● **Task**
Repeat the lines below exactly as written, please, from the line with "Die Sitze stehen" to the line with "美拉德做旧柔皮肌理感翻领油蜡皮衣女复古机车男友风PU皮外套夹克", both lines included, and no others.

===== Data for analysis

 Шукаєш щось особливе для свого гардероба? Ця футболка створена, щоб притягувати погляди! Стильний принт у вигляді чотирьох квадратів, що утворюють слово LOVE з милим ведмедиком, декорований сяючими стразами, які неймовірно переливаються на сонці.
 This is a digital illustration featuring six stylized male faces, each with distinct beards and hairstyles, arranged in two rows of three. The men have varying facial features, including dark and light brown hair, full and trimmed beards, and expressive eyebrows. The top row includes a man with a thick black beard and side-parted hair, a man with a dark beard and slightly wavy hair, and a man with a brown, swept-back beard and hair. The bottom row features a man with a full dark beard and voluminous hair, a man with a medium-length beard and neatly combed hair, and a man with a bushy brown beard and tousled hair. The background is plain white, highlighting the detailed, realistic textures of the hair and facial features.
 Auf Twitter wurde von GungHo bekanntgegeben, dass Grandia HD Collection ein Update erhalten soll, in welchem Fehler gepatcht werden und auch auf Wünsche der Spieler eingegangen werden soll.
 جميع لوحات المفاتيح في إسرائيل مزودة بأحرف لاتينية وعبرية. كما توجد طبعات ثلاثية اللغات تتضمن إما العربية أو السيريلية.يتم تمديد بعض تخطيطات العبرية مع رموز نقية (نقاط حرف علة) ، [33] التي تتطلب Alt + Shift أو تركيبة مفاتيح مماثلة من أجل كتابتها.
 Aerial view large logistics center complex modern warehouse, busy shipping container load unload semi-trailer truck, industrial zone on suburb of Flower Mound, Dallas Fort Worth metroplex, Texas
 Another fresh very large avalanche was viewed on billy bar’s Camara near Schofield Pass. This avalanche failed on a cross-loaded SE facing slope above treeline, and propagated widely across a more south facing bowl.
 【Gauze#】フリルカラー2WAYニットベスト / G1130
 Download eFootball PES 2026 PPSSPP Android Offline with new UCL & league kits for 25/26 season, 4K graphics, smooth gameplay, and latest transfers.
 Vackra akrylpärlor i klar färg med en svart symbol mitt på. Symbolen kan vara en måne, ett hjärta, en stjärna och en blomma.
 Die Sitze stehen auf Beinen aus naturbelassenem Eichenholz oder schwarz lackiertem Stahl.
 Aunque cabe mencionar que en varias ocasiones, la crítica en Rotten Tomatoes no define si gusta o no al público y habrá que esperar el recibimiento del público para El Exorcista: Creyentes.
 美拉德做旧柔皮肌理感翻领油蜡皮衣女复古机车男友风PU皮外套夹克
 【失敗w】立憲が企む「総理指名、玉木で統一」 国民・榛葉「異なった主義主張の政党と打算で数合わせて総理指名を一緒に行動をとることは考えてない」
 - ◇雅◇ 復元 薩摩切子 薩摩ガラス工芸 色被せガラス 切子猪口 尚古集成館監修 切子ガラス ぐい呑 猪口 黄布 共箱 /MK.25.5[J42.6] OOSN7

==========

● **Answer to this task**
 Die Sitze stehen auf Beinen aus naturbelassenem Eichenholz oder schwarz lackiertem Stahl.
 Aunque cabe mencionar que en varias ocasiones, la crítica en Rotten Tomatoes no define si gusta o no al público y habrá que esperar el recibimiento del público para El Exorcista: Creyentes.
 美拉德做旧柔皮肌理感翻领油蜡皮衣女复古机车男友风PU皮外套夹克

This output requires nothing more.